それから4時間かけて、村の中にいた魔物を倒し、壊れた柵の穴は大雑把に丸太で塞いだ。
「しかし、見事に魔物の死体だらけだな。」
俺は、洞穴に戻り、村長に村の中の魔物を全て倒した事を報告する。
すると、村長はすぐさま村のみんなに指示を出し、村のみんなを動かした。
この人は、意外に有能だな。
流石に、家政婦という名目で、愛人を囲っている事はある。
「レックス!!」
シャーロットが泣きながら抱きついてきたので、それを受け止める。
「シャーロット、やっと起きたか。」
「レックス!!レックス!!レックス!!」
「分かったから、鼻水を服につけるな。」
「私は、お前が死んだと思ったのじゃ!!」
「そうだな。偉かったぞシャーロット。あの時、よく行動できたな。」
「レックスの邪魔にはなりたくなかったのじゃ!!」
「そうだな、偉い、偉い。」
シャーロットの頭を撫でる。
それから、シャーロットは30分ぐらい泣き続けてから、泣き疲れたのか寝てしまった。
こういうところは6歳児だな。
俺は、村人達の村の復興を手伝い、今夜はオーク肉を食べた。村人達は滅多にオークの肉を食えないので、それは美味しさそうに食べていた。
「明日からは、オークの死体処理と他の魔物の死体処理。それと、村に魔物が来ないように村の警護をしないと。」
「レックスはこの村を助けたのだから、仕事などしなくて良いのじゃ。」
今はシャーロットと一緒にお風呂に入っている。
「そうはいかない。助けた以上は、責任をとるさ。」
「レックスはかっこいいのじゃ。やっぱり、レックスが私の兄だったら良かったのに。」
「シャーロット、これからはあまり、やんちゃするなよ。するならもう少し、強くなってからか、転移の力を使いこなせるようになってからにするんだ。」
「分かったのじゃ。今回の事で私は多くのことを学んだのじゃ。」
「そうか、偉いなシャーロットは。」
シャーロットの頭を撫でると嬉しそうに目を細める。
シャーロットにかなり懐かれてしまったようだ。
それにしても、今回は無茶しすぎたな。
母さんには内緒にしとこ。
それから、6日後に騎士達がやってきた。
俺がオークに攻撃を仕掛ける前に、この村の数人の男達が走り鳥3匹に乗って、街にオークのが襲って来る村にシャーロットがいることを知らせに行ってくれたのだ。

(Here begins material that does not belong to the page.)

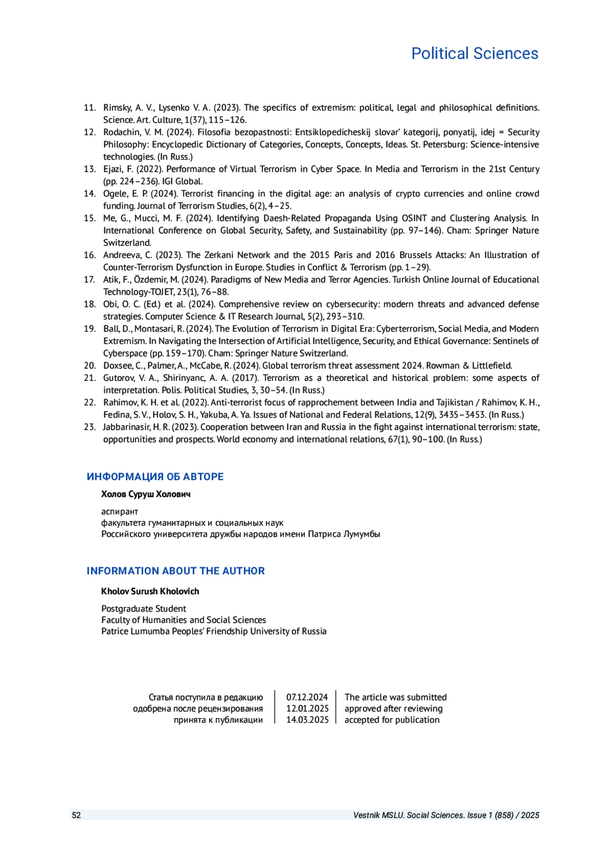 13. Ejazi F. Performance of Virtual Terrorism in Cyber Space // Media and Terrorism in the 21st Century. IGI Global, 2022. P. 224-236.

流石の騎士達も王家の紋章の入った短剣とダリアの家の紋章が入ったハンカチを見て血相を変えてこちらに向かってきたのだろう。
村の魔物対処は騎士達に任せよう。
まだ、この辺りは魔物の血の匂いが強い。
それに、
騎士達の倒したオークをハイエナしようとしている冒険者達に俺が倒したオークを取られるのは癪だしな。
村は魔物の素材で溢れている。
今回の事で、破壊された農地や建物を直したとしても余裕でお釣りが来るぐらいに。
「本当に、兄上はその魔石だけで良いのか?」
シャーロットはいつしか、俺のことを兄上と呼ぶようになった。
俺が王族に殺されそうだから、やめろと言っても聞かない。
「これが、目的だったからな。それより、村の復興を任せて悪いな。」
村の復興は王族が面倒を見てくれるらしい。
「私は父上に社会勉強の一環として村の復興をさせてくれた頼むだけじゃ。」
「それは、凄いことだそ。さすが、シャーロットだな。」
シャーロットが頭を差し出して来る。頭を撫でて欲しいのだろう。
頭を撫でてやると嬉しそうに抱きついてきた。
「やっぱり、私の従者にならないか?そしたら、ずっと一緒にいれるのじゃ。」
「悪いな。俺には家族が待ってるからな。また、どこかで会えるだろ。」
「そうか、、、。それじゃあお別れじゃの。」
「ああ。お別れだな。元気でな。」
「兄上も、お元気で。」
俺は騎士達に捕まる前にサッサッとトンズラした。
俺は、行きに乗った走り鳥に跨った。
行きに乗っていた走り鳥には街と村を2回往復させると無茶をさせてしまった。
ちなみに、この走り鳥は、シャーロットが街で買い取るそうだが。